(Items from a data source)
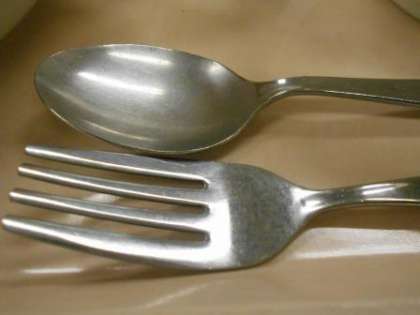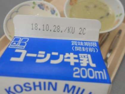 今日の牛乳 今日はスプーンとフォークでいただきました。
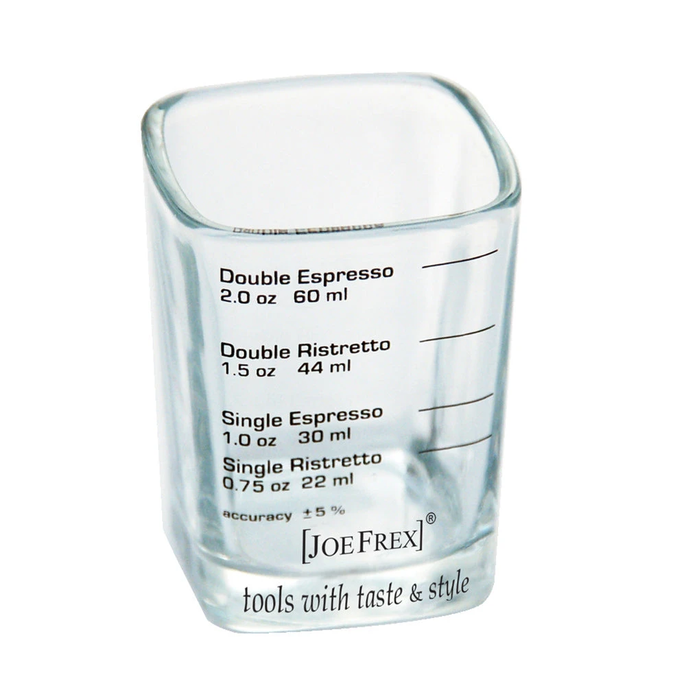 A perfect tool for barista’s looking for maximum precision, the Joe Frex Measured Shot Glass holds up to 2 oz and features measurements for single and double ristrettos and espressos.
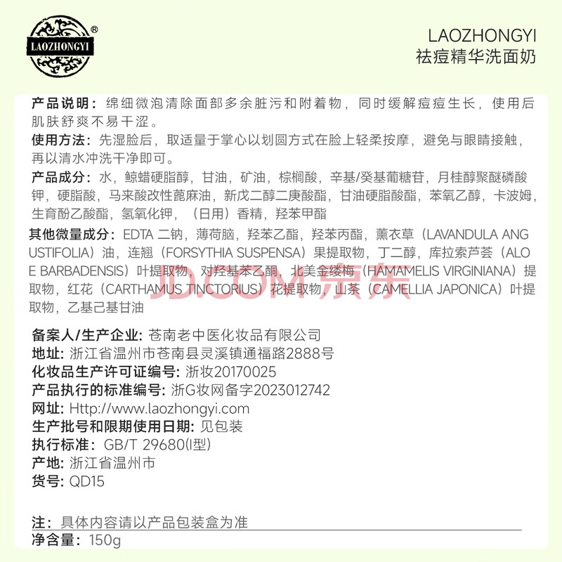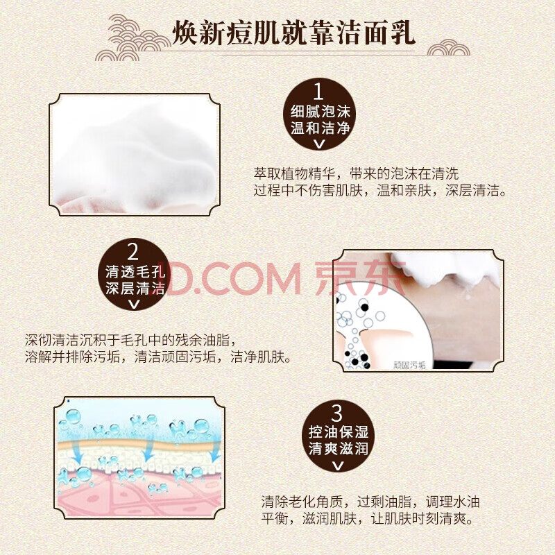 商品相册:老中医祛痘精华洗面奶150g 男女士去黑头粉刺深层清洁毛孔青春痘洁面乳第
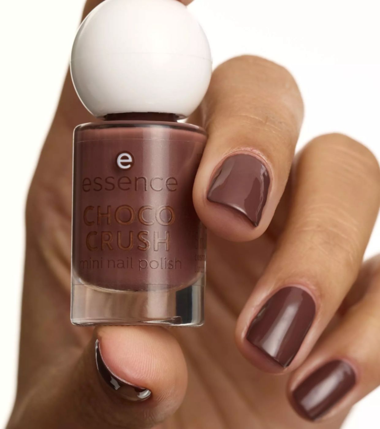 O mini esmalte Choco Crush 17 da essence , um tom marrom chocolate intenso que transforma suas unhas em uma verdadeira tentação de beleza.
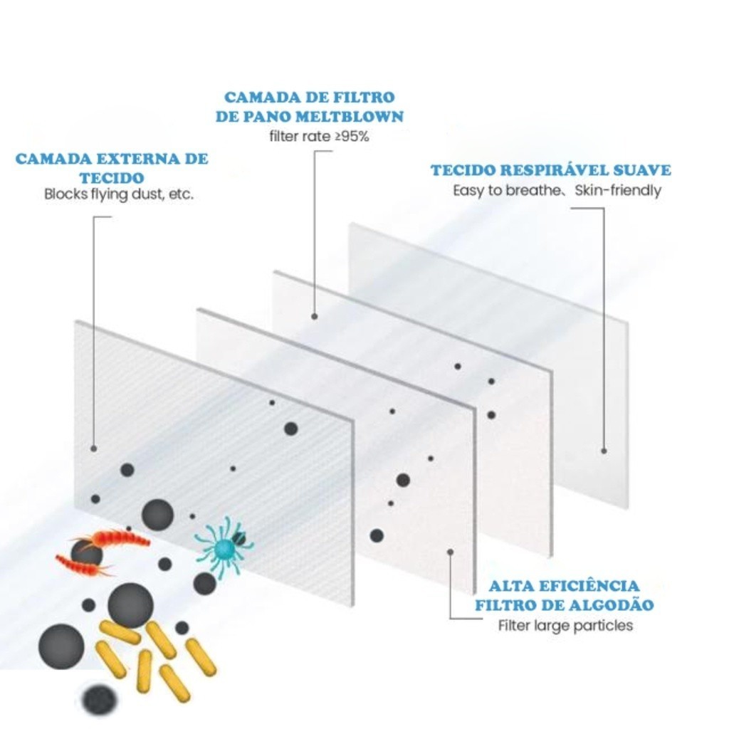 Máscara Descartavel Tnt DE Proteção KF94 4 Camadas Saúde Respiratória Reutilizável
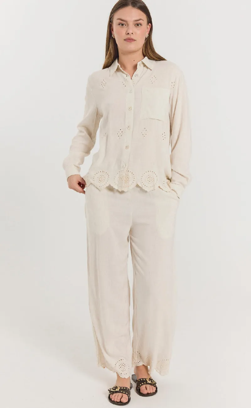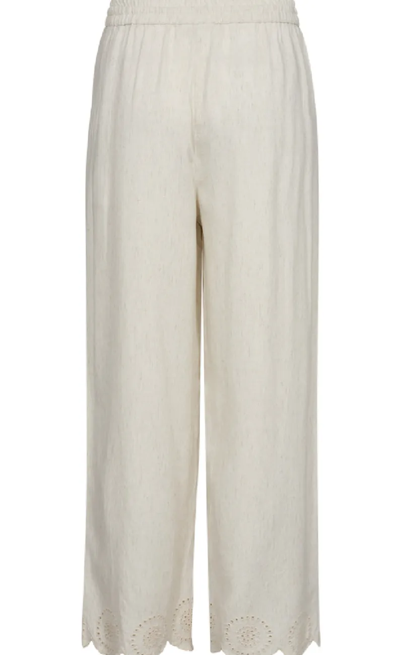 Beige bukser fra Freequent, i et flot print som har nogle fine broderi anglaise detaljer forneden.
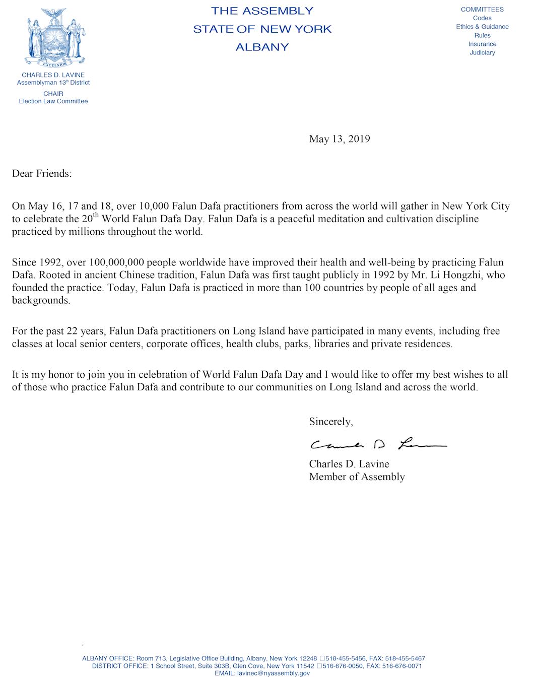 图11:第十三选区众议员查尔斯·拉维恩(Charles D. Lavine)发贺信称颂大法,祝贺第二十届世界法轮大法日。
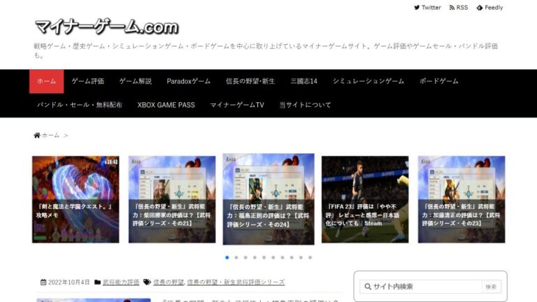 更新<少>、非エロ・R15 / 2016~、トレンド型、レビュー マイナーゲーム.com キャッチコピー 戦略ゲーム・歴史ゲーム・シミュレーションゲーム・ボードゲームを中心に取り上げているマイナーゲームサイト。ゲーム評価やゲームセール・バンドル評価も。 サイト概要 PC用を中心に一般ゲームを専門に紹介・レビューしているサイトです。更新頻度は月3回前後。マイナーゲーム.com 掲載内容 Steamで販売されているゲームを中心にレビューや紹介記事を掲載しています。ジャンルは全般を扱いますが、特にシミュレーションが多いです。具体的なゲーム内容やストーリーにはあまり触れず「遊びやすさ」「難易度」「ジャンル」をざっくりと書いているのが特徴。また良い点・悪い点をほかのユーザーから引用しており、客観的かつ複数の評価をまとめて確認できます。 サイトの見やすさ・利便性 必要な機能がサイト上部に集まっており、使い勝手は良好。記事も見出しやスペースをうまく使っており、スッキリしていて読みやすいです。 こんな人/こんな時にオススメ 1000~2000字以内に収められたテキストは読みやすいよう工夫され、要点もよくまとめられています。特に「どんな人が好むか」を明示することに焦点を当てた内容で、客観的な意見をもとに作品を選ぶ人に合うでしょう。またシミュレーションゲームの紹介が多いので、腰をすえてゲームをしたいガチ寄りのプレイヤーにもオススメです。 リンク マイナーゲーム.comTwitter
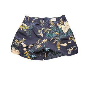 These are new with tags shorts in size XL, featuring a navy background with a yellow and teal floral and bird pattern. The shorts have a flat front with an elasticized back waistband and two side pockets. The material appears to be a lightweight woven fabric. No visible imperfections are present. The tag indicates "Regular Fit" and "Short Court."

Your objective: Treat the line with "Máscara Descartavel Tnt" as the start and the line with "图11:第十三选区众议员查尔斯·拉维恩(Charles D. Lavine)发贺信称颂大法,祝贺第二十届世界法轮大法日。" as the end, and return exactly that span of the data above, both ends included, without pictures.

Answer box:
 Máscara Descartavel Tnt DE Proteção KF94 4 Camadas Saúde Respiratória Reutilizável
 Beige bukser fra Freequent, i et flot print som har nogle fine broderi anglaise detaljer forneden.
 图11:第十三选区众议员查尔斯·拉维恩(Charles D. Lavine)发贺信称颂大法,祝贺第二十届世界法轮大法日。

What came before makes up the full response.